Agora eu não preciso me envergonhar toda vez que falar sobre o Porão do Rock porque perdi a virgindade ontem, no primeiro dia da 16ª edição do evento, que este ano acontece no estacionamento do Mané Garrincha. Nunca fui por falta de tempo, de oportunidade, de entusiasmo mesmo.
Bom, já digo logo de cara que a experiência não foi das melhores. Mas também não foi das piores. Diria que foi no mínimo acidental e, em alguns casos, recheadas de agradáveis e momentâneas surpresas. E tudo por conta do que o meu amigo Pedrão classificou, oportunamente, de “criaturas peterpanescas”. Sim, aqueles adolescentes jovens de verdade que, junto com aqueles adolescentes velhos de mentiras – enfim, os vovôs com síndrome de James Dean que -, uma vez na vida colocam suas camisetas de roqueiros ocasionais fedendo à naftalina como se fossem uniformes juvenis para tirar onde de rebelde sem causa. Nem que seja por uma noite ou como diria o Renato Russo naquela canção: “Só por hoje”. Puro e simplesmente comportamento condicionado, digno de estudo acadêmico.
E ontem o que mais tinha no Porão do Rock eram essas figuras caricatas e foi justamente de uma delas que ganhei uma “voadeira telequete” que fui parar longe. A pancada foi tão forte que pensei que tinha quebrado uma costela e saltei alto como num desenho animado.
O debilóide autista, no auge de sua euforia “peterpanesca”, provavelmente com o rabo cheio de cachaça, estava brincando com os amigos da “dança da porrada” – aquela em que uma turma acéfala dança saltando socando e empurrando uns aos outros – e nem se deu conta do que aconteceu. Quando a fixa caiu para ele, o boboca teve coragem de pedir desculpas e eu só não dei um caratê nele porque não estava com o rabo cheio de cachaça também. Do contrário teria apanhado até morrer.
Resumo do rock: fiquei com os nervos tão abalados com o episódio que depois topava com todo mundo que entrava na minha frente. Definitivamente estou velho para essas coisas.
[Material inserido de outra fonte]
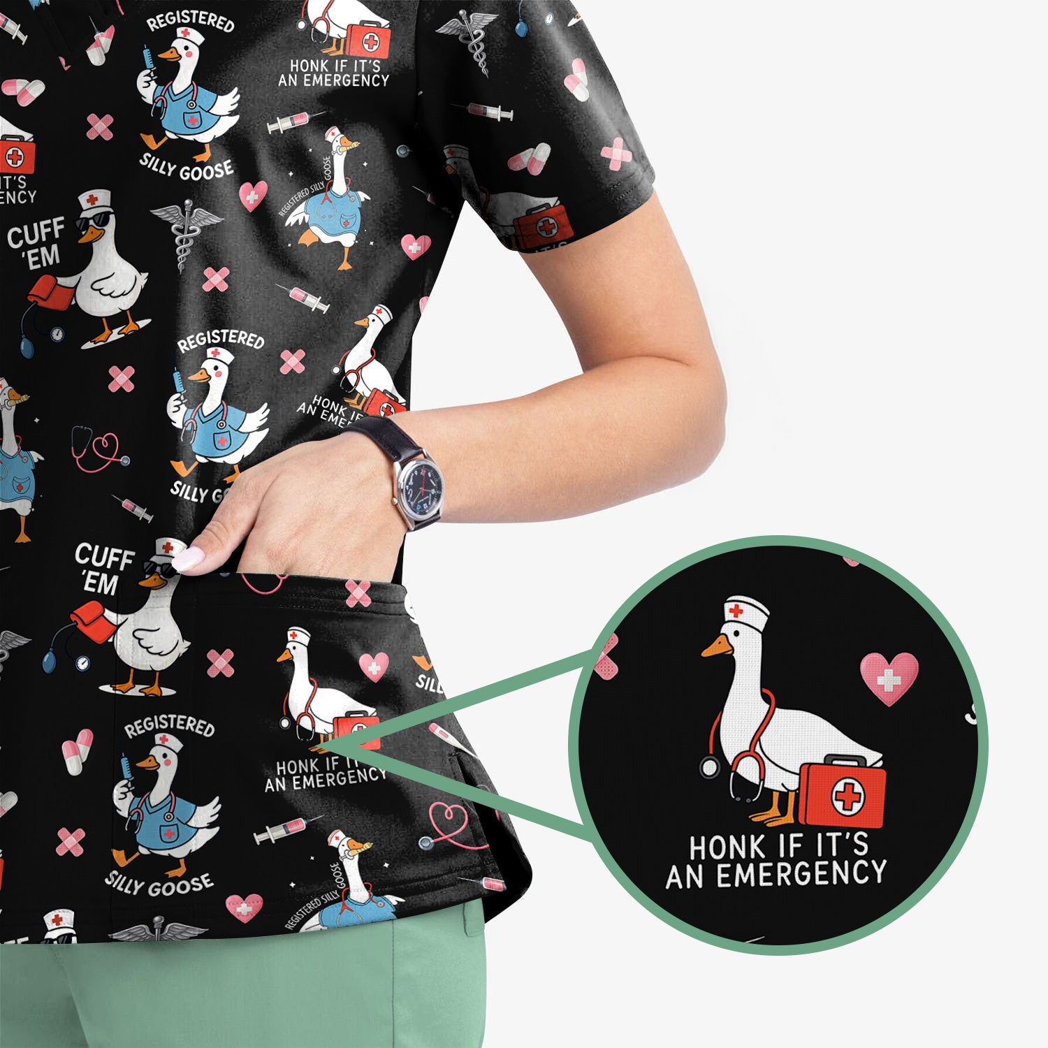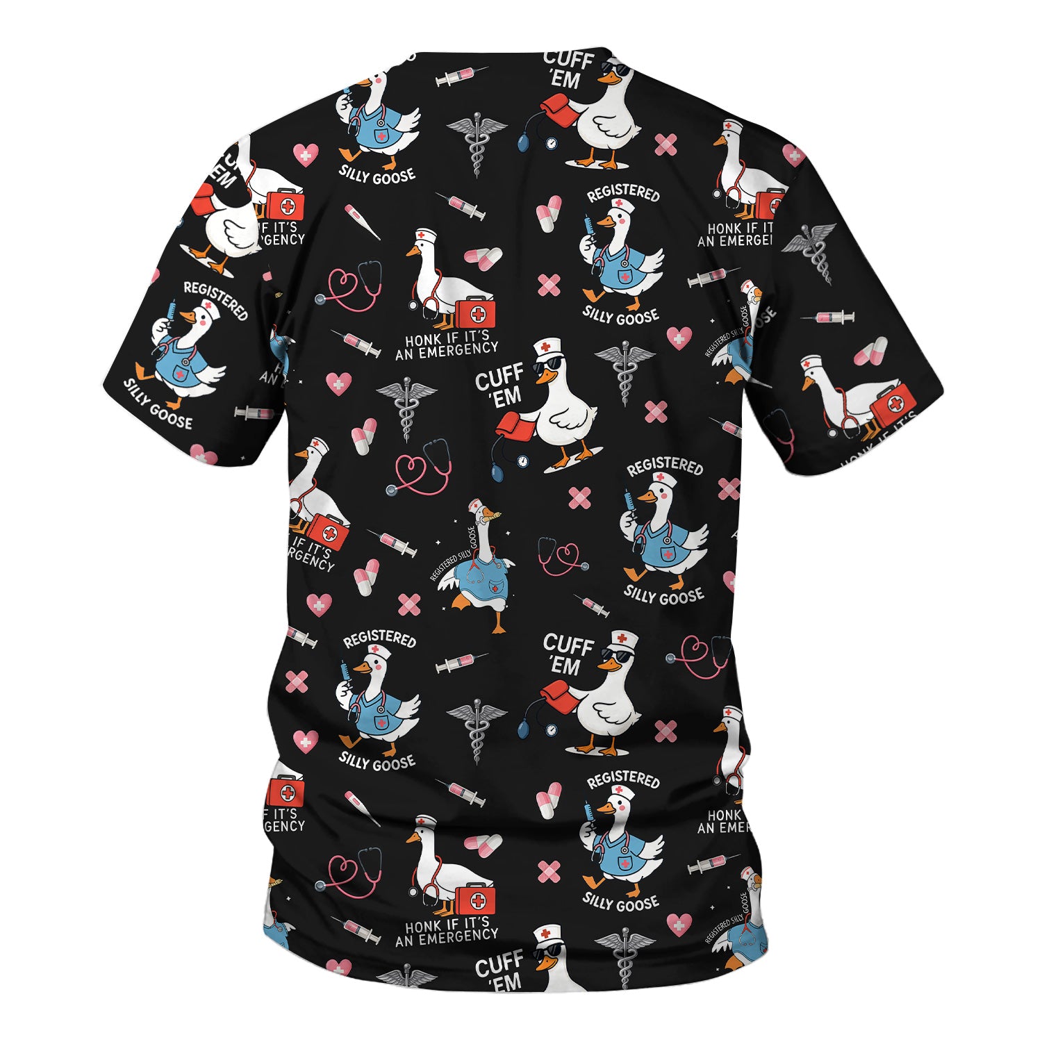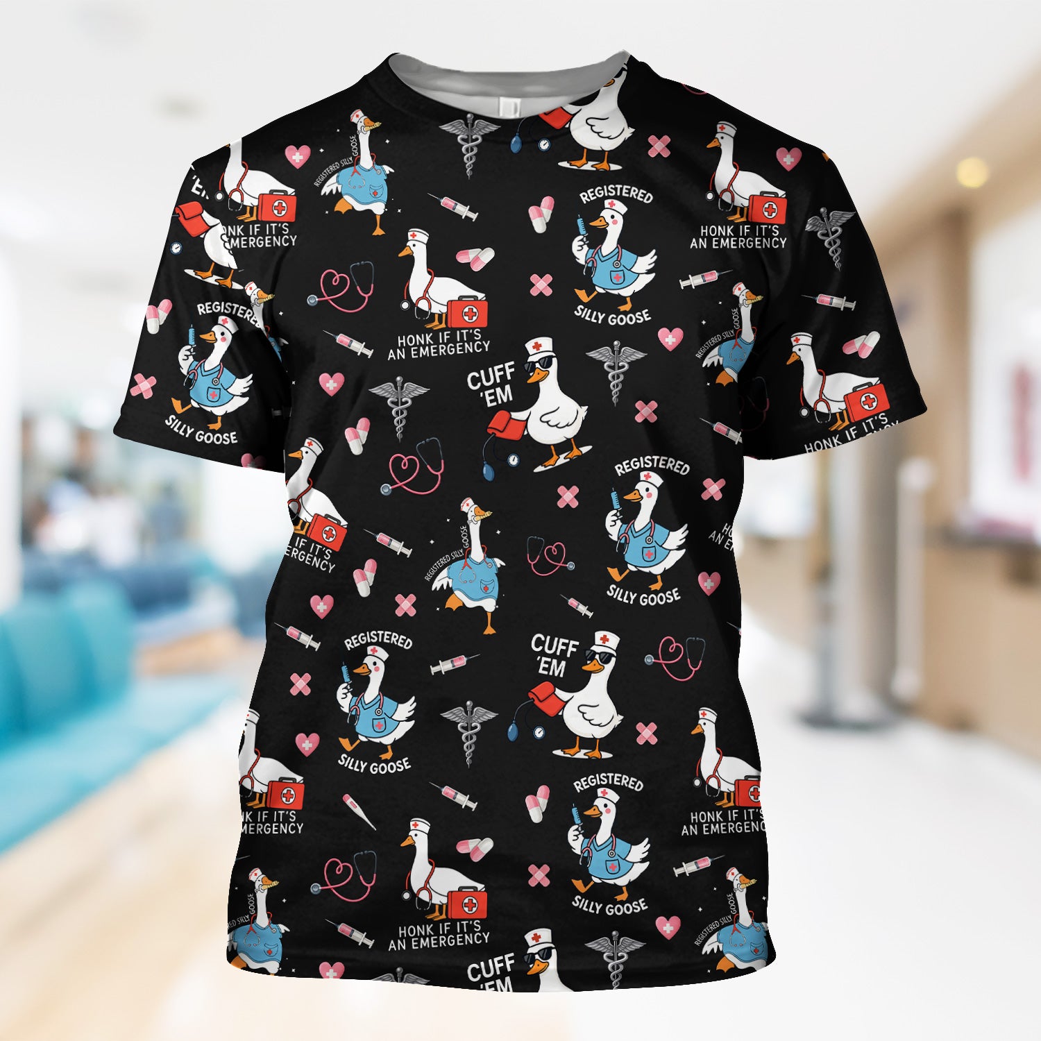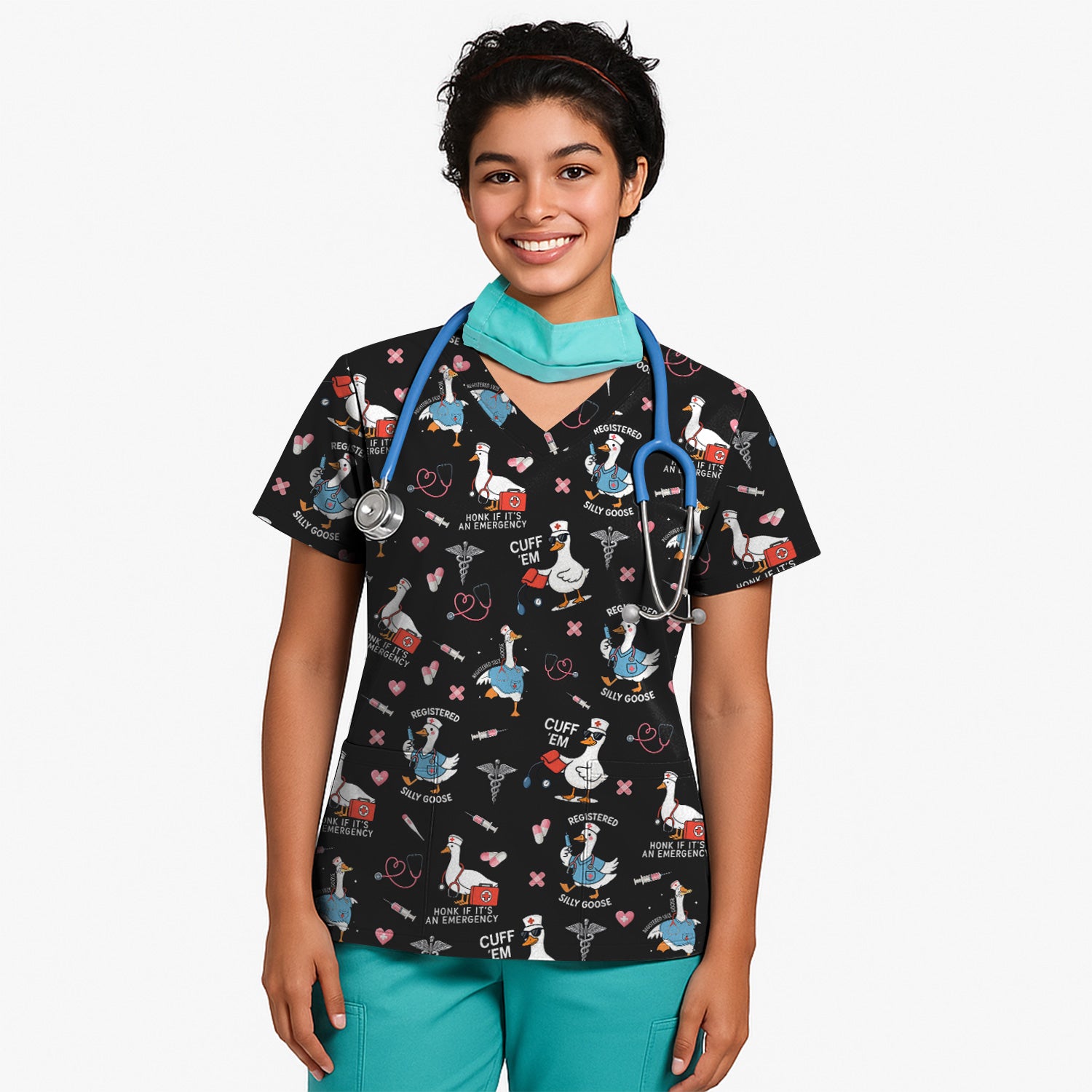 Goose Nurse Graphic T-Shirt for Women - Cute Medical Work Tee with Stethoscope & Heart Icons - Gift for RN, CNA, LPN

O estresse foi grande que nem reparei direito nas “metal babies” que passavam aqui e acolá, quase todas com alfinetes na orelha, no nariz e nos olhos, uma visão do inferno.
Quando o susto passou, relembrei dos meus tempos de Bizz ouvindo o som furioso dos capixabas do Dead Fish, o cover honesto dos argentinos metaleiros do Banda de la Morte tocando I wanna be your dog (Stooges), a nostalgia oitentista dos paulistas do Nem Liminha ouviu, a gostosinha vocalista do Leela, enfim, da irreverência do vocalista do Matanza com sua persona Viking.
Mas, como grande parte da garotada nova e velha que estava lá, eu aguardava, não tão ansioso assim, pela principal atração da noite, os meninos do Capital Inicial que, gostem ou não, foram profissionais em cima do palco e agitou o público com canções novas, hinos clássicos de bandas ícones da cidade como Raimundos e Legião Urbana, além de um cover competente do Dinho de White Stripes.
“Galera, pau no cú para esses políticos do Brasil”, disse o inquieto e carismático vocalista do Capital Inicial, dando os dois dedos para cima, nariz de palhaço na cara.
Com certeza não foi o melhor show do Capital Inicial que já fui, mas tudo bem, de graça até injeção na testa. Na próxima edição do Porão do Rock vou tirar minha fantasia do Peter Pan ou do Capitão Gancho do armário. Ou melhor. Na próxima edição do PDR vou de fadinha Sininho. Com piercing no nariz e tudo.